:: Task item ::
Exact copy, pictures excluded: print the lines from the one with "Elevate washroom luxury" through the final line of the records.

:: The records ::
=====

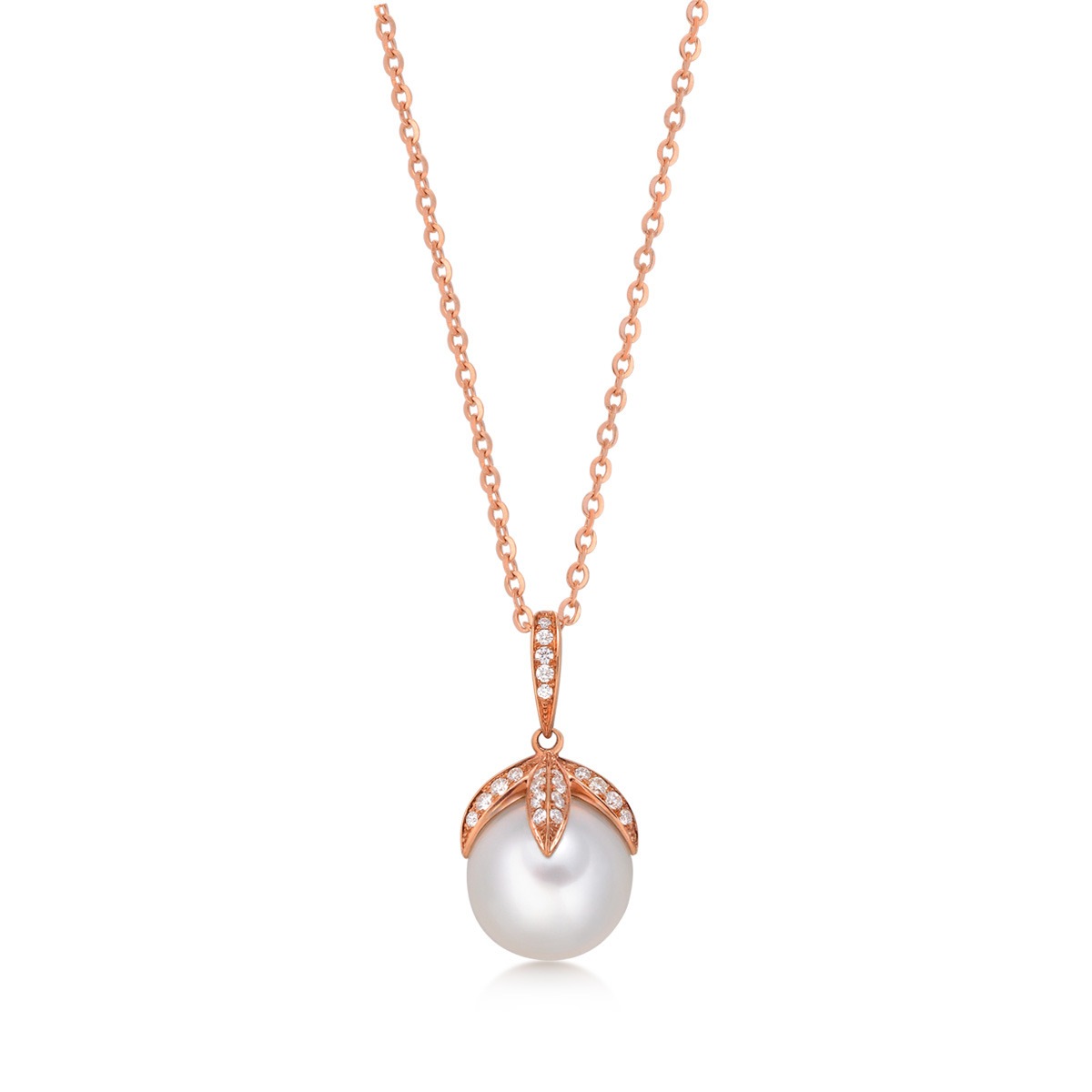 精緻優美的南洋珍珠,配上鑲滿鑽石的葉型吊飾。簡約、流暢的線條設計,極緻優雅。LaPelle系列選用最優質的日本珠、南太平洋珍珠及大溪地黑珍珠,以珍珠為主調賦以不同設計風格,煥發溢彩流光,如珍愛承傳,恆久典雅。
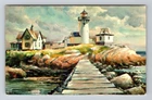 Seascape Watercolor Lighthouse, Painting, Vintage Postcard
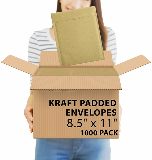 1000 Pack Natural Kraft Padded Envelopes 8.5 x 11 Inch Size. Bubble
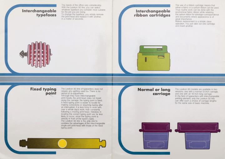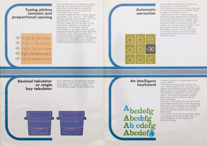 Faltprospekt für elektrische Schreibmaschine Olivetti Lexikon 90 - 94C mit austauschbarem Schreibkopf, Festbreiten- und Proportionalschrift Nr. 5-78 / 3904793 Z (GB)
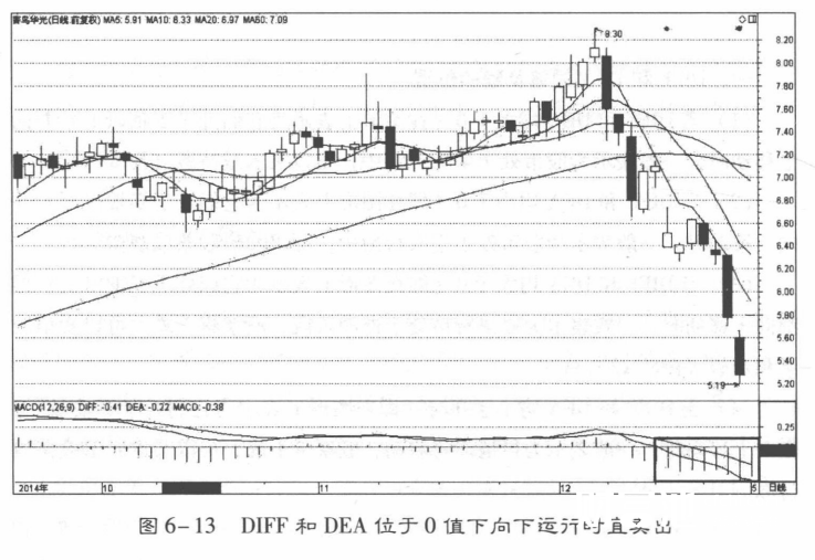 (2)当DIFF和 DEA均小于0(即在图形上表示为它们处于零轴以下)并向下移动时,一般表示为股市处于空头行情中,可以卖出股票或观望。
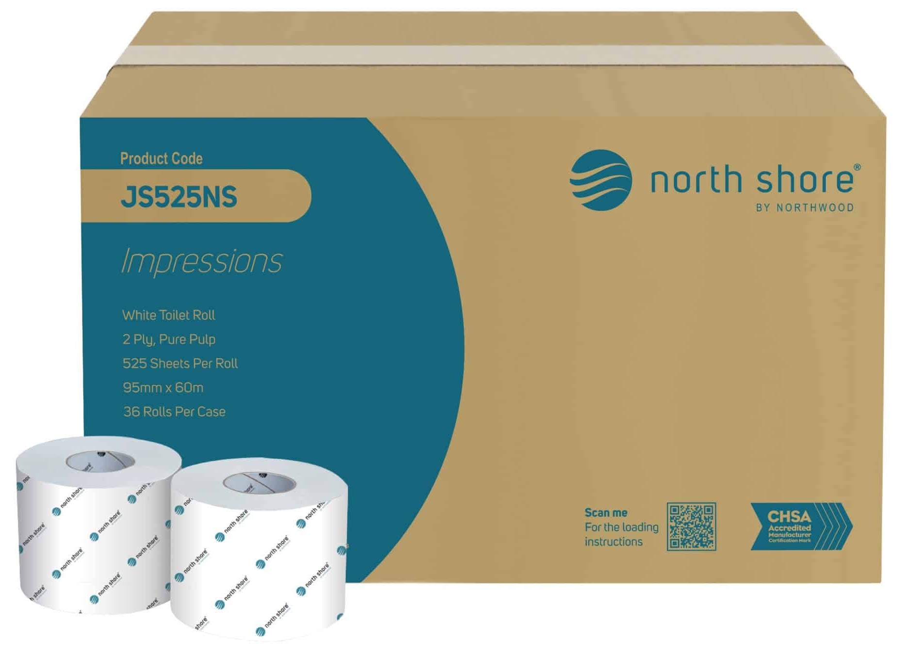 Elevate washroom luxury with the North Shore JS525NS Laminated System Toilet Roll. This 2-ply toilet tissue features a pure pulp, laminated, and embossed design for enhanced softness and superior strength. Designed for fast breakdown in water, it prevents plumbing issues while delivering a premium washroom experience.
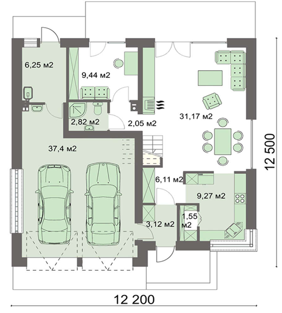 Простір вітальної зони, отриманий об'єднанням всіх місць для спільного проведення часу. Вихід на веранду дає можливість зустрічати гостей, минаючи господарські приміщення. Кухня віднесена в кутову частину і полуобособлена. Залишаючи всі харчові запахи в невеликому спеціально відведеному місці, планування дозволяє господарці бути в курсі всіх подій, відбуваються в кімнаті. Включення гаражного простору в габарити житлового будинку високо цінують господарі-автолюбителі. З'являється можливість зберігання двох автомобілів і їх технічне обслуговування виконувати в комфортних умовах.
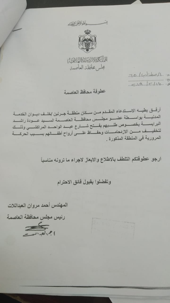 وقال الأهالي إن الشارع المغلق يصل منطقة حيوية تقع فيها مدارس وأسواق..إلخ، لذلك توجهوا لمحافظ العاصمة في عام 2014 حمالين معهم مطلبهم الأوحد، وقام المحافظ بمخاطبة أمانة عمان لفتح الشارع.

=====

:: Answer ::
 Elevate washroom luxury with the North Shore JS525NS Laminated System Toilet Roll. This 2-ply toilet tissue features a pure pulp, laminated, and embossed design for enhanced softness and superior strength. Designed for fast breakdown in water, it prevents plumbing issues while delivering a premium washroom experience.
 Простір вітальної зони, отриманий об'єднанням всіх місць для спільного проведення часу. Вихід на веранду дає можливість зустрічати гостей, минаючи господарські приміщення. Кухня віднесена в кутову частину і полуобособлена. Залишаючи всі харчові запахи в невеликому спеціально відведеному місці, планування дозволяє господарці бути в курсі всіх подій, відбуваються в кімнаті. Включення гаражного простору в габарити житлового будинку високо цінують господарі-автолюбителі. З'являється можливість зберігання двох автомобілів і їх технічне обслуговування виконувати в комфортних умовах.
 وقال الأهالي إن الشارع المغلق يصل منطقة حيوية تقع فيها مدارس وأسواق..إلخ، لذلك توجهوا لمحافظ العاصمة في عام 2014 حمالين معهم مطلبهم الأوحد، وقام المحافظ بمخاطبة أمانة عمان لفتح الشارع.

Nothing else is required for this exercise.